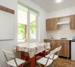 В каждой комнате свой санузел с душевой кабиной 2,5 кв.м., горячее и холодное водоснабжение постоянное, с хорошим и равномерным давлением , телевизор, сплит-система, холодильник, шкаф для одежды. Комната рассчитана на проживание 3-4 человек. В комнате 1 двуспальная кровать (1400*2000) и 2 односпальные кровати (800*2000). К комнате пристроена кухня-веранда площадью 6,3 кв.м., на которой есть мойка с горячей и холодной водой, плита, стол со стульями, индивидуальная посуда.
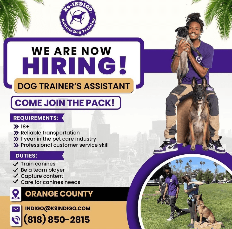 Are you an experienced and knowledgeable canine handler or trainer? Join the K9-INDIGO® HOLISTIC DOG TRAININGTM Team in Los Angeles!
==
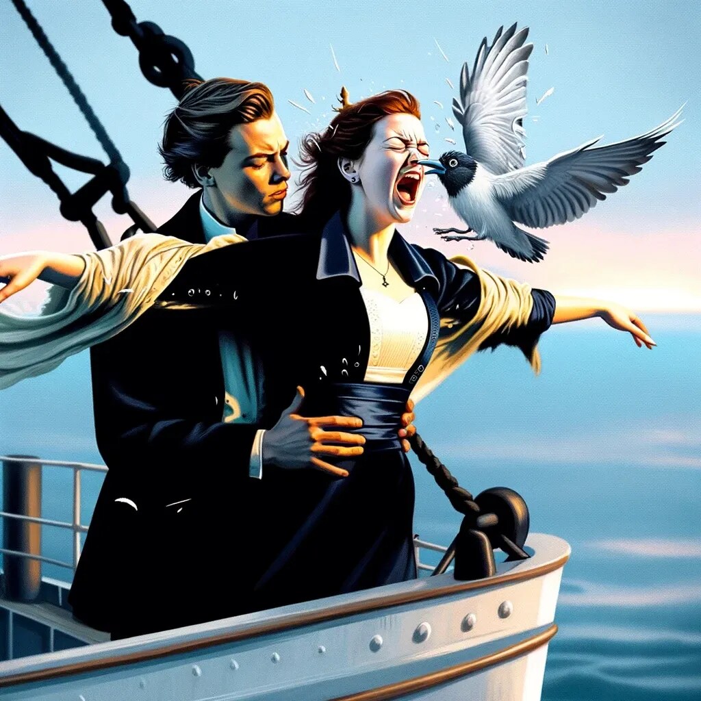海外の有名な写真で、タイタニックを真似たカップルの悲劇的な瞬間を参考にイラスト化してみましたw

**Work task**
Copy the lines above exactly, starting with the line that contains "В каждой комнате" and ending with the line that contains "Are you an experienced", and leave out any pictures.

**Your response**
 В каждой комнате свой санузел с душевой кабиной 2,5 кв.м., горячее и холодное водоснабжение постоянное, с хорошим и равномерным давлением , телевизор, сплит-система, холодильник, шкаф для одежды. Комната рассчитана на проживание 3-4 человек. В комнате 1 двуспальная кровать (1400*2000) и 2 односпальные кровати (800*2000). К комнате пристроена кухня-веранда площадью 6,3 кв.м., на которой есть мойка с горячей и холодной водой, плита, стол со стульями, индивидуальная посуда.
 Are you an experienced and knowledgeable canine handler or trainer? Join the K9-INDIGO® HOLISTIC DOG TRAININGTM Team in Los Angeles!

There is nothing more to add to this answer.